This month, the heads of the world’s navies and coast guards converged on the Naval War College in Newport, Rhode Island, for the International Seapower Symposium (ISS). ISS assembles distinguished international naval leaders to enhance common bonds of friendship and to discuss challenges and opportunities, this time under the theme of “Global Solutions to Common Maritime Challenges.” This was the 21st iteration of ISS, which was first held in 1969. It was the first with Chinese attendance. 

After years of invitations that Beijing did not accept, coupled with last year’s cancellation of the event due to sequestration, the head of China’s navy, Adm. Wu Shengli, led a nine-officer delegation. Participants in the plenary and regional breakout sessions no doubt wondered who exactly Wu is, what mandate he has, what sort of navy he leads, where it is heading and how it will be interacting with the U.S. Navy. This article addresses these timely questions.

Leading China’s Rapid Naval Modernization

The son of a former vice governor of Zhejiang province, Wu is one of China’s “princelings.” According to a report by Cheng Li, director of the Brookings Institution’s John L. Thornton China Center, Wu “formed a client relationship with Jiang Zemin in the late 1980s, when Jiang was party secretary in Shanghai and Wu was the deputy chief-of-staff of the Shanghai Base of the East China Sea Fleet.”

Wu joined the People’s Liberation Army (PLA) in 1964 at the age of 19, when he was admitted to the PLA Institute of Surveying and Mapping in Xian.
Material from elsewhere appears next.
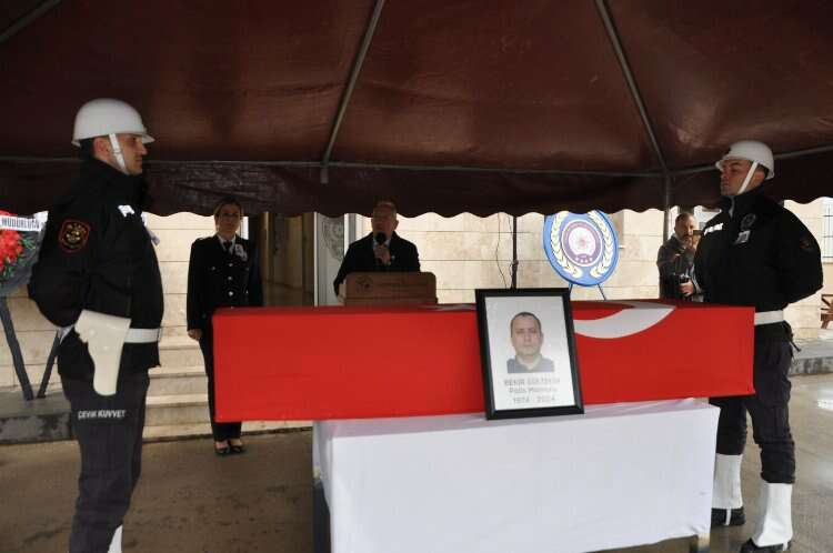 İlçe Emniyet Müdürlüğü önündeki törene Gültekin'in yakınları, Kaymakam Orhan Altun, mesai arkadaşları ile askeri erkan katıldı.

Since graduating from the institute in 1968, he has enjoyed a meteoric rise, attaining the rank of rear admiral in 1994, vice admiral in 2003 and admiral on June 20, 2007. Wu also serves on the PLA Central Military Commission (CMC), China’s highest military decision-making body. In his capacity as a high-ranking Chinese Communist Party (CCP) member, Wu has been a full member of the CCP Central Committee since 2007, serving on the 17th and 18th Committees.
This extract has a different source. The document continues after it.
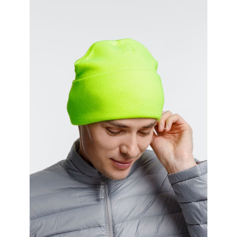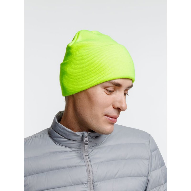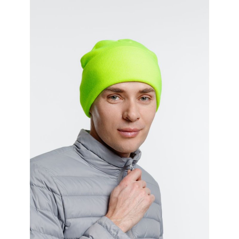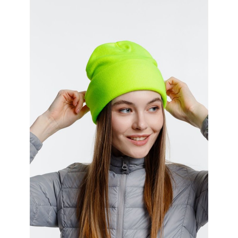 Двухслойная шапка из акриловой пряжи с регулируемым отворотом 7–10 см.
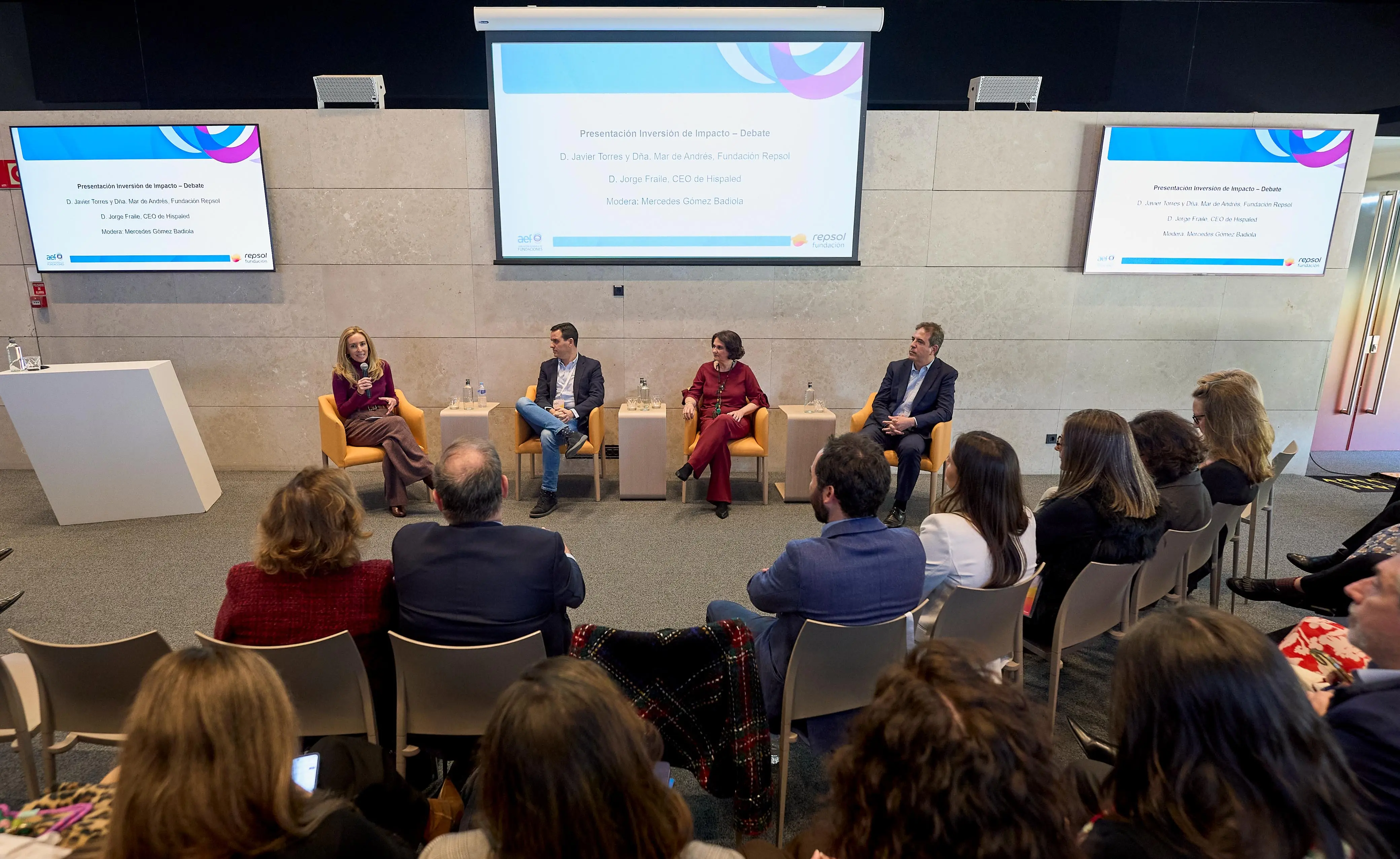 Uno de los momentos clave del encuentro ha sido la mesa redonda sobre inversión de impacto, moderada por Mercedes Gómez Badiola, en la que han compartido su experiencia y aprendizajes Javier Torres, director de Repsol Impacto Social, Mar de Andrés, directora de Transformación Social de Fundación Repsol y Jorge Fraile, CEO de Hispaled, como ejemplo de empresa participada. Un diálogo abierto sobre el modelo de triple impacto —económico, social y medioambiental— y su capacidad para generar oportunidades reales y sostenibles.

As PLAN Commander since August 2006, Wu has arguably had the opportunity to leave the greatest mark on the service since Adm. Liu Huaqing used the position to place the PLAN on a stable modern trajectory from 1980-1988. That Wu was retained in October 2012 when all other service-grade military leaders of his age were forced to retire suggests both the Chinese leadership’s prioritization of naval modernization and its particular confidence in the admiral. 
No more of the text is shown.